# TiVo watchers uneasy after post-Super Bowl reports



## Chucky (Jul 21, 2002)

From CNet: http://news.com.com/2100-1041-5154219.html?part=dht&tag=ntop


----------



## HarryD (Mar 24, 2002)

I don't know about this.. I know TIVO looks at shows you've watched but to record when you rewind??


----------



## bonscott87 (Jan 21, 2003)

Uhhh, been that way for 5 years. Opt out if you don't like it. Easy enough.


----------



## buzzdalf (Jan 27, 2003)

no biggie to me.


----------



## 928gt (Dec 17, 2003)

> Uhhh, been that way for 5 years. Opt out if you don't like it. Easy enough


FYI, "opting out" justs means Tivo is not selling your info to others (so they say, try and prove they aren't), BUT but can bet your LNB that it doesn't mean THEY are not continuing to monitor your Tivo usage.


----------



## BrettStah (Feb 7, 2003)

928gt said:


> FYI, "opting out" justs means Tivo is not selling your info to others (so they say, try and prove they aren't), BUT but can bet your LNB that it doesn't mean THEY are not continuing to monitor your Tivo usage.


FYI, you're wrong.

Opting out means that the next time your Tivo connects in to the Tivo mothership, your Tivo is reconfigured to not send the anonymous data that is collected.


----------



## cboylan3 (Jan 26, 2004)

BrettStah said:


> FYI, you're wrong.
> 
> Opting out means that the next time your Tivo connects in to the Tivo mothership, your Tivo is reconfigured to not send the anonymous data that is collected.


how does one "opt out"

thx


----------



## bonscott87 (Jan 21, 2003)

Call Tivo.


----------



## JM Anthony (Nov 16, 2003)

bonscott87 said:


> Uhhh, been that way for 5 years. Opt out if you don't like it. Easy enough.

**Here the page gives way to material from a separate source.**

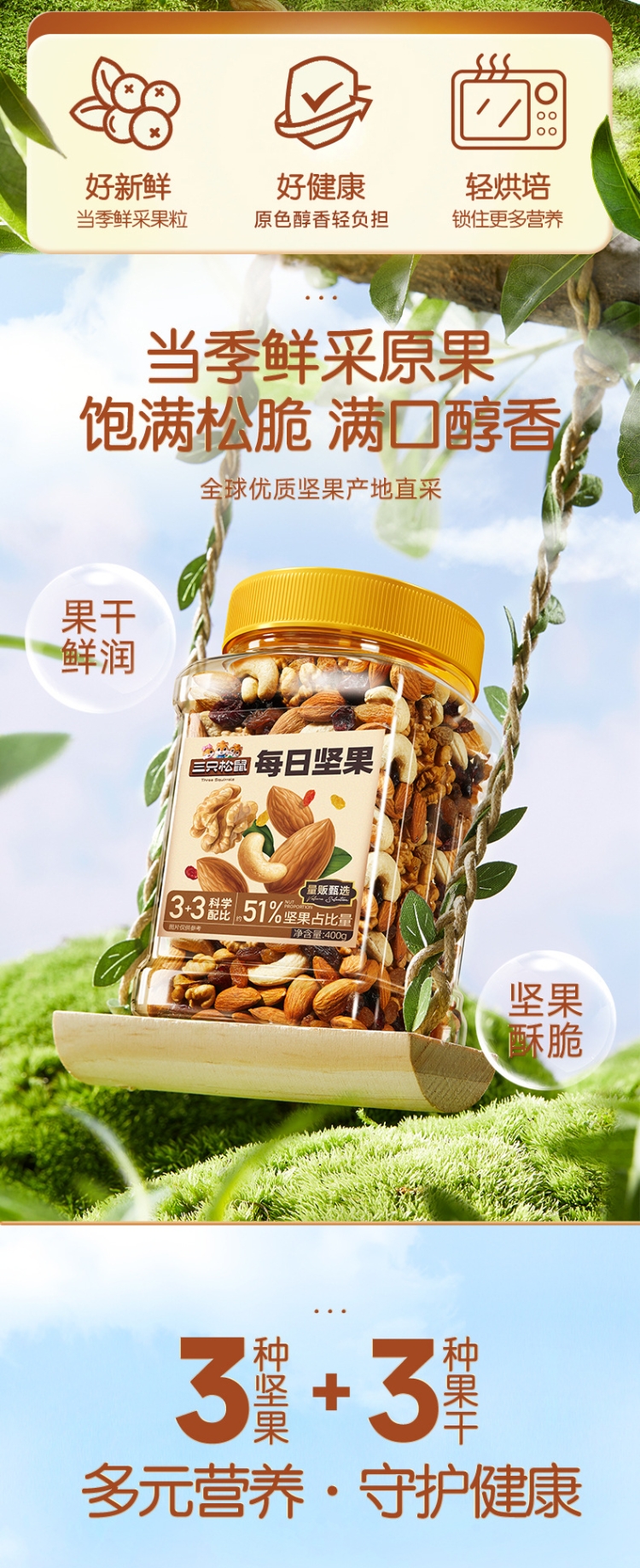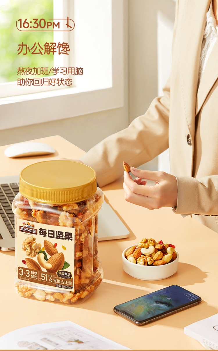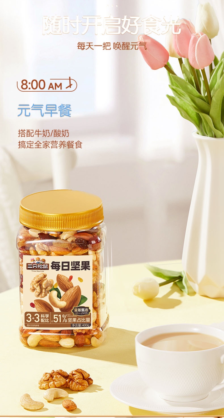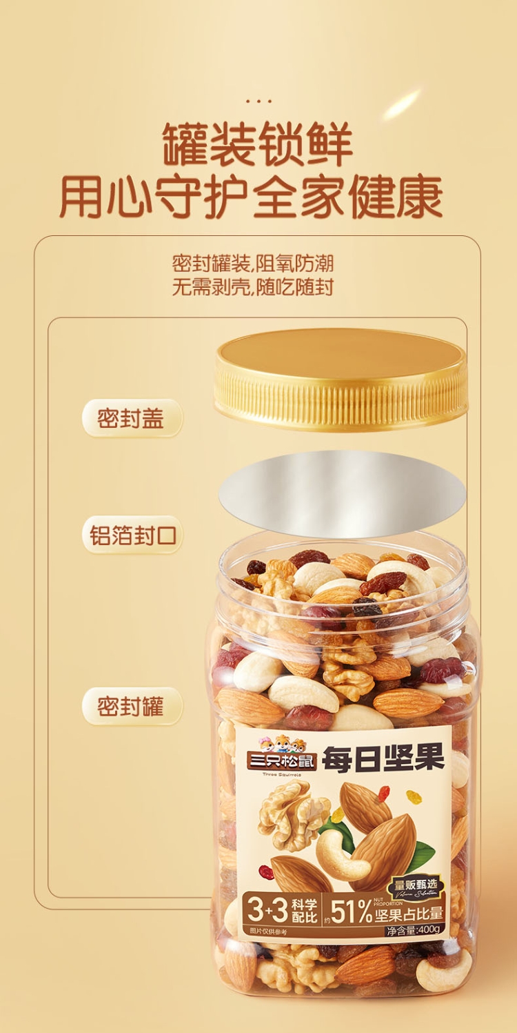商品名称:三只松鼠罐装每日坚果元气款400g/罐孕妇健康休闲零食混合坚果干小零食干果大礼包

Gee, I know this is a stupid question, but if they really believe that keeping stats on what we watch has a benefit to us, why don't they let us opt in? We have a bill of rights for cable that's set up this way. Makes a lot of sense to me from a consumer's perspective.


----------



## 928gt (Dec 17, 2003)

> Opting out means that the next time your Tivo connects in to the Tivo mothership, your Tivo is reconfigured to not send the anonymous data that is collected.


... and there is a way you can prove that has been done to your receiver ??

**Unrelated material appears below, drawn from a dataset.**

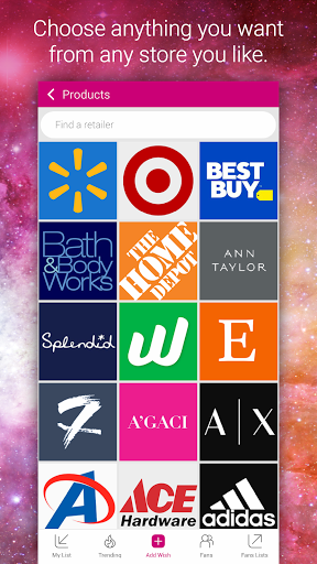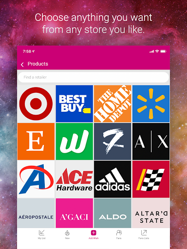 Cari, kumpulkan, gabungkan dan uruskan hadiah dari beribu-ribu peruncit termasuk senarai keinginan Walmart, senarai keinginan Amazon, senarai harapan Sasaran, senarai keinginan Bath & Body Works, senarai keinginan Etsy, Tempat Tidur dan Beyond senarai keinginan, senarai keinginan Kohls, senarai harapan The Home Depot, senarai keinginan Best Buy, Walmart Registry, Target Registry, Amazon Registry, Bed Bath and Beyond Registry, Babylist.com, BuyBuyBaby, The Knot, Zola, HoneyFund, Crate & Barrel Registry, Pottery Barn Registry , Pendaftaran Williams-Sonoma, senarai harapan Wayfair, Pendaftaran IKEA, Depot Pejabat, WishExpress, senarai harapan Overstock.com, Neiman Marcus, Groupon, A'GACI, A | X Armani Exchange, Ace Hardware, Adidas, Aéropostale, Altar'd State, Amerika Eagle, Gadis Amerika, Ann Taylor, Asics, AutoZone, Aveda, Backcountry, Bare Mineral, Barnes & Noble, Barneys New York, BCBG, Belk, Banyak, Bloomingdales, Bose, BoxLunch, Brooks Brothers, Buckle, Build-A-Bear , Burberry, Kedai Burlington, Calvin Klein, Carhartt, Carter's, Catherines, C hanel, Charlotte Russe, Champs, Chewy, Christopher & Banks, Clarks, Claire's, Cole Hann, Columbia Sportswear, Cost Plus World Market, Crocs, Diesel, Disney Store, DKNY, Dockers, Dr. Martens, Dressbarn, Ecco, Kasut terkenal, Garis Finish, Selamanya 21, Fosil, Orang Percuma, GameStop, GNC, Godiva, Goop, Gucci, GUESS, Gymboree, Hammer Made, Helzberg Diamonds, Hickory Farms, Topik Panas, HSN, Hugo Boss, Ikea, IT'SUGAR, J. Crew, J.Jill, Janie & Jack, Jared, Jimmy Choo, Journeys, Justice, Kate Spade, Kay Jewelers, L'Occitane, Lacoste, Lane Bryant, Lids, LOFT, Lou & Gray, Lovesac, Lucky Brand, Lush, MAC Kosmetik, Meijer, Michaels, Kedai Microsoft, Nickelodeon, O'Reilly Automotive, Oakley, Origins, Pac Sun, Pandora Jewelry, Perry Ellis, PetSmart, Piercing Pagoda, Prada, Puma, QVC, Ragstock, Samsonite, Sephora, Sierra Trading Post, Skechers, Nombor Tidur, Solstice, Soma, Spencer, Steve Madden, Sunglass Hut, Super Dry, Swarovski, Swatch, TJ Maxx, The Body Shop, The North Face, The Walking Company, Theory, Tiffany & Co, Tilly's, Timberland, Timex, Tom Ford, TOMS, Torrid, Tractor Supply Co., True Religion, True Value Hardware, Tumi, Typo, UGG , Ulta Beauty, Under Armour, Van Heusen, Vans, Versace, Victoria's Secret, Zales, Zara, Zumiez, Kohls Registry, dll.

Do they let you monitor your own data stream to see what is being sent ???

I have some really nice firm land for sale along with a few bridges too....


----------



## tiffman (Jan 4, 2004)

928gt said:


> ... and there is a way you can prove that has been done to your receiver ??
> 
> Do they let you monitor your own data stream to see what is being sent ???
> 
> I have some really nice firm land for sale along with a few bridges too....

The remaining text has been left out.